In the match against Geelong, at the Junction Oval, on 9 September 1922, he scored 10 goals, 2 behinds (one of his kicks hit the post) from 12 attempts.

===Ormond Amateurs (MAFA)===
Later played amateur football for Ormond Amateur Football Club in the Metropolitan Amateur Football Association (MAFA) from 1924 to 1929.

=="Long Dave" McNamara==
Renowned for the extreme distance, he routinely covered with both his place kicks and his drop kicks he was widely known as "Long Dave" McNamara.

===75 yards and 84 yards===
On 19 May 1923, in his last VFL season, McNamara was best on the ground when St Kilda defeated Collingwood 10.9 (69) to 6.12 (48) at the Junction Oval. During the match, he kicked two (light-wind-assisted) long-distance goals with place kicks: one in the second quarter, and one in the last quarter. The two goals were later measured to have been kicked from 75 yards (69.6 metres) and 84 yards (76.8 metres) from goal, respectively; and, based upon the reports that "when it passed through [the goals] the ball was high over the heads of the defenders", there's no doubt that the first goal's kick covered far more than 75 yards.

===93 yards===
Also, during that same match, another of McNamara's place kicks for goal missed; this extraordinary kick was later (accurately) measured from its placement to the spot upon which it landed, and was found to be 93 yards (85 metres). This is one of the longest recorded kick of a football in VFL history.

==="World record": 86 yards, 1 foot===
While McNamara's long-distance kicks were extraordinary, and given that the majority of them were made during actual matches, it is clear that they were not made under the strictest competition performance and measurement conditions.

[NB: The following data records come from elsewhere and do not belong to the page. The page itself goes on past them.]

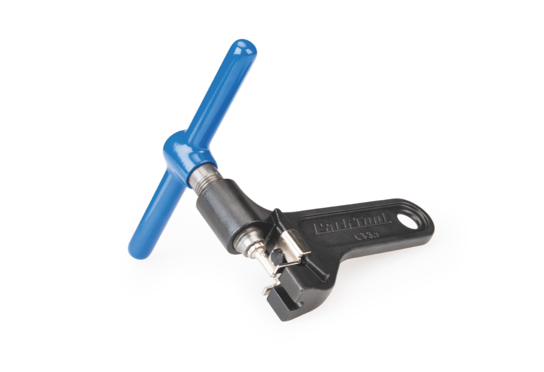A professional quality shop chain tool that works on 5-speed to 12-speed road and mountain bike derailleur chains, including SRAM AXS 12-speed, as well as 1/8", 3/16", and half link chains. The CT-3.3 features an adjustable locating shelf so it works on any width chain to remove and install chain rivets. Built to last and easy to use, the CT-3.3 features a comfortable handle, investment cast steel body and replaceable driving pin (#CTP). *The CT-3.3 will install, but not peen, Campagnolo 11 and 12-speed chain rivets.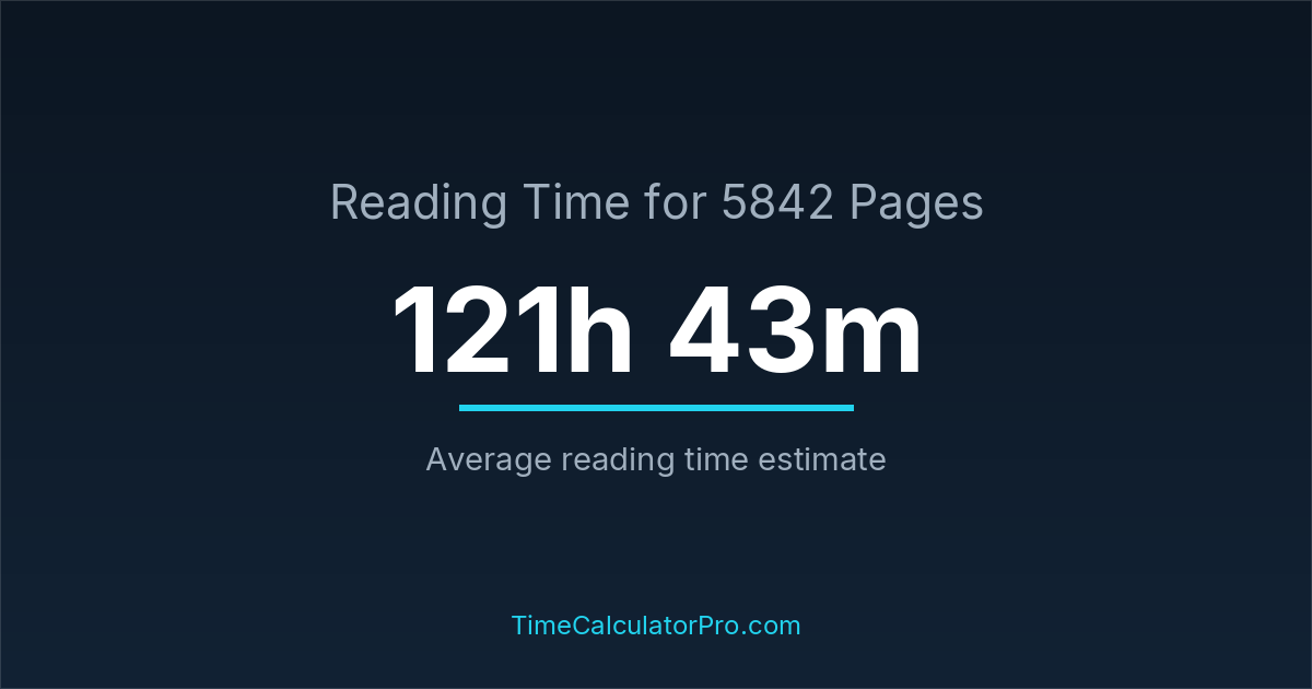 If you read at an average speed of 200 words per minute, reading 5842 pages will take approximately 121 hours and 43 minutes. This estimate assumes around 250 words per page, which is typical for most books.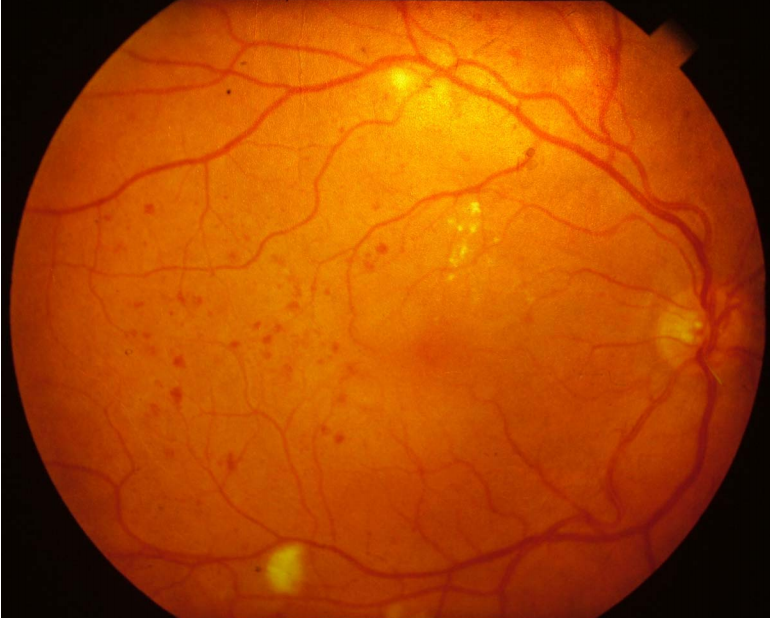 Mild background diabetic retinopathy. Haemorrhages and microaneurysms can be seen.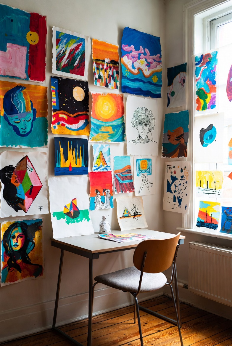 - Utilize a shared space, like a hallway, for eclectic artwork display.

On one occasion, however, his efforts were formally measured under the strictest competition conditions; and, on Thursday, 9 October 1913, he set what was, at the time, the "official" world place-kick record, at the Royal Launceston Show, kicking a distance of 86 yards 1 foot (79 metres).

==After football==
===St Klda Football Club===
Served as a St Kilda committeeman, vice-president and later president.

===Racehorse trainer===
Following his retirement from football, McNamara established himself in a new career as a racehorse trainer, which he continued until about 1958. His period in the racing industry included serving as president with the Victorian Trainers' Association.

==Death==
He died on 15 August 1967, aged 80.

==Recognition==
===Australian Football Hall of Fame===
In 1996, he was one of the inaugural inductees into the Australian Football Hall of Fame.

===St Kilda's Team of the century===
In 2003, he was selected as the forward-pocket ruckman in the St Kilda Football Club Team of the Century.

===St Kilda's Hall of Fame===
In 2003, he was one of the inaugural inductees into the St Kilda Football Club's Hall of Fame.